6. Evaluation and results

6.1. Results and figures for the technological corpus

In order to evaluate the results of the classifiers, we used three metrics: precision, recall and F-measure. Recall is the proportion of actual positive cases that were correctly predicted as such. On the other hand, precision represents the proportion of predicted positive cases that are real positives. Finally, F-measure is the harmonic mean of precision and recall.

For each classifier, a 10-fold cross-validation was done.

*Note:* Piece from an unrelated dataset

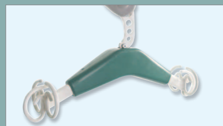
Tri Hook Yoke
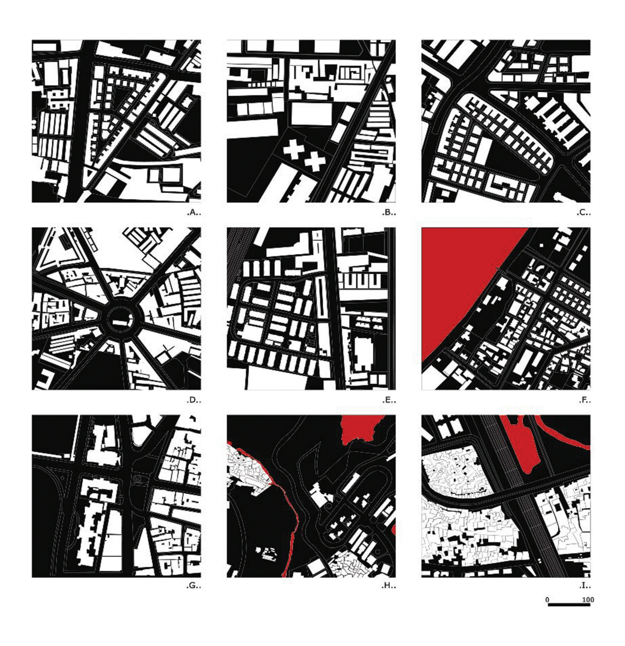
Fig. 3: Fabric analysis in Mumbai.

This technique is used to evaluate how the results obtained would generalize to an independent dataset. Since the aim of this experiment is the prediction of the positive, negative, neutral, highly positive and highly negative condition of the texts, a cross-validation is applied in order to estimate the accuracy of the predictive models. It involves partitioning a sample of data into complementary subsets, performing an analysis on the training set and validating the analysis on the testing or validation set.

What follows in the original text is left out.